Adenosine analogues as selective inhibitors of glyceraldehyde-3-phosphate dehydrogenase of Trypanosomatidae via structure-based drug design.

In our continuation of the structure-based design of anti-trypanosomatid drugs, parasite-selective adenosine analogues were identified as low micromolar inhibitors of glyceraldehyde-3-phosphate dehydrogenase (GAPDH). Crystal structures of Trypanosoma brucei, Trypanosoma cruzi, Leishmania mexicana, and human GAPDH's provided details of how the adenosyl moiety of NAD(+) interacts with the proteins, and this facilitated the understanding of the relative affinities of a series of adenosine analogues for the various GAPDH's. From exploration of modifications of the naphthalenemethyl and benzamide substituents of a lead compound, N(6)-(1-naphthalenemethyl)-2'-deoxy-2'-(3-methoxybenzamido)adenosine (6e), N(6)-(substituted-naphthalenemethyl)-2'-deoxy-2'-(substituted-benzamido)adenosine analogues were investigated. N(6)-(1-Naphthalenemethyl)-2'-deoxy-2'-(3,5-dimethoxybenzamido)adenosine (6m), N(6)-[1-(3-hydroxynaphthalene)methyl]-2'-deoxy-2'-(3,5-dimethoxybenzamido)adenosine (7m), N(6)-[1-(3-methoxynaphthalene)methyl]-2'-deoxy-2'-(3,5-dimethoxybenzamido)adenosine (9m), N(6)-(2-naphthalenemethyl)-2'-deoxy-2'-(3-methoxybenzamido)adenosine (11e), and N(6)-(2-naphthalenemethyl)-2'-deoxy-2'-(3,5-dimethoxybenzamido)adenosine (11m) demonstrated a 2- to 3-fold improvement over 6e and a 7100- to 25000-fold improvement over the adenosine template. IC(50)'s of these compounds were in the range 2-12 microM for T. brucei, T. cruzi, and L. mexicana GAPDH's, and these compounds did not inhibit mammalian GAPDH when tested at their solubility limit. To explore more thoroughly the structure-activity relationships of this class of compounds, a library of 240 N(6)-(substituted)-2'-deoxy-2'-(amido)adenosine analogues was generated using parallel solution-phase synthesis with N(6) and C2' substituents chosen on the basis of computational docking scores. This resulted in the identification of 40 additional compounds that inhibit parasite GAPDH's in the low micromolar range. We also explored adenosine analogues containing 5'-amido substituents and found that 2',5'-dideoxy-2'-(3,5-dimethoxybenzamido)-5'-(diphenylacetamido)adenosine (49) displays an IC(50) of 60-100 microM against the three parasite GAPDH's.
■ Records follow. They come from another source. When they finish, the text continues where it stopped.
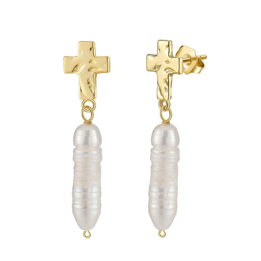 Silver Baroque Pearl Cross Earrings
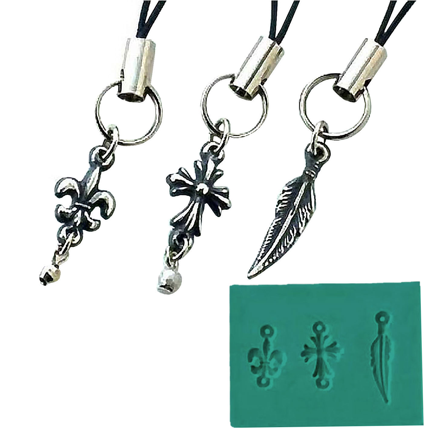 PMC Precious Metal Clay Silver 3-in-1 Molding Tool Cross Feather Pendant Silicone Mold, for Jewelry Making
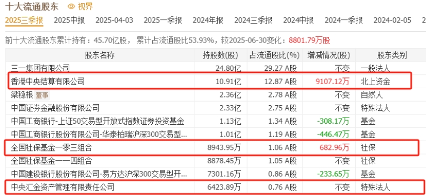 北上资金持仓:三季度北上资金加仓9107万股,连续7个季度持续加仓,累计加仓5.62亿股。北向敢于连续7个季度加仓,看好公司从国内工程机械龙头向全球工程机械龙头的前进。另外,全国社保基金103组合加仓682万股;中央汇金公司重仓6423万股。
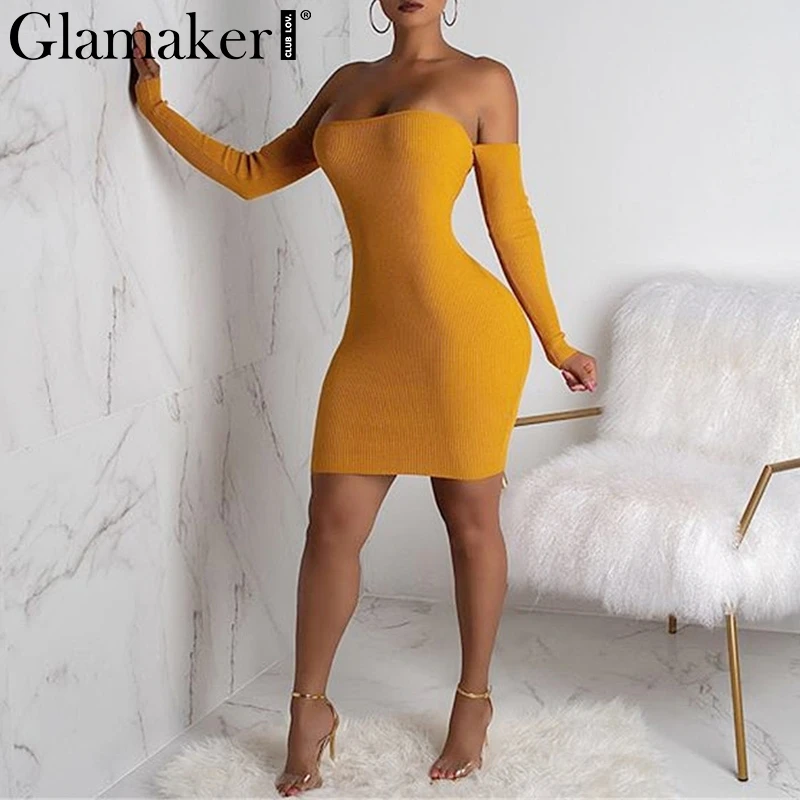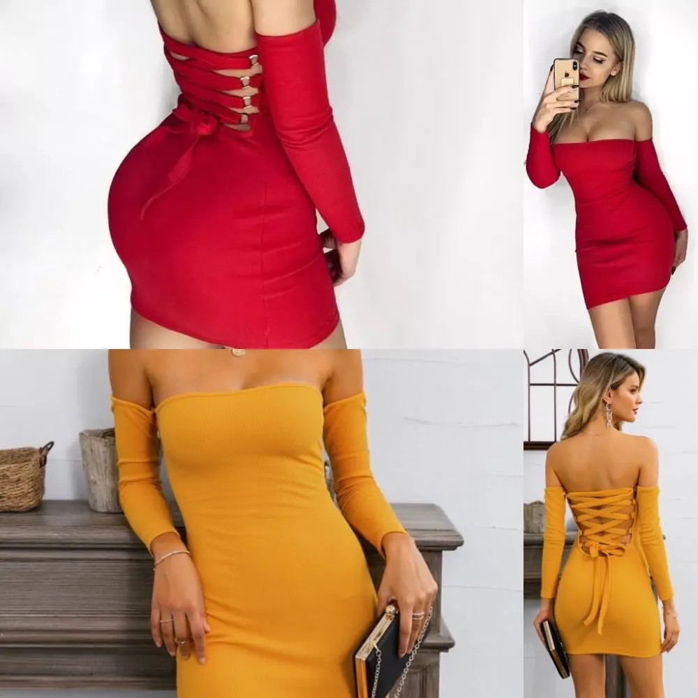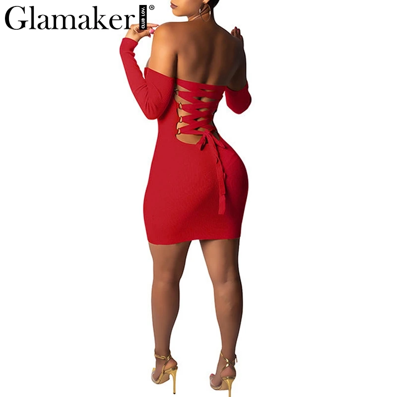 Off Shoulder Lace Up Back Bodycon Knitted Dress JKP3897
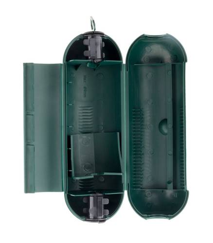 Boîtier de protection verte pour prolongateur jardin IP54. Ce boitier de protection extérieur IP54 est spécialement conçu pour protéger son contenu des poussières, projections d'eau et autres résidus microscopiques. Il permet de protéger les câbles et branchements de tous types en extérieur. IP54.

Conformational changes in Leishmania mexicana glyceraldehyde-3-phosphate dehydrogenase induced by designed inhibitors.

The glycolytic enzymes of trypanosomes are attractive drug targets, since the blood-stream form of Trypanosoma brucei lacks a functional citric acid cycle and is dependent solely on glycolysis for its energy requirements. Glyceraldehyde-3-phosphate dehydrogenases (GAPDH) from the pathogenic trypanosomatids T. brucei, Trypanosoma cruzi and Leishmania mexicana are quite similar to each other, and yet have sufficient structural differences compared to the human enzyme to enable the structure-based design of compounds that selectively inhibit all three trypanosomatid enzymes but not the human homologue. Adenosine analogs with substitutions on N-6 of the adenine ring and on the 2' position of the ribose moiety were designed, synthesized and tested for inhibition. Two crystal structures of L. mexicana glyceraldehyde-3-phosphate dehydrogenase in complex with high-affinity inhibitors that also block parasite growth were solved at a resolution of 2.6 A and 3.0 A. The complexes crystallized in the same crystal form, with one and a half tetramers in the crystallographic asymmetric unit. There is clear electron density for the inhibitor in all six copies of the binding site in each of the two structures. The L. mexicana GAPDH subunit exhibits substantial structural plasticity upon binding the inhibitor. Movements of the protein backbone, in response to inhibitor binding, enlarge a cavity at the binding site to accommodate the inhibitor in a classic example of induced fit. The extensive hydrophobic interactions between the protein and the two substituents on the adenine scaffold of the inhibitor provide a plausible explanation for the high affinity of these inhibitors for trypanosomatid GAPDHs.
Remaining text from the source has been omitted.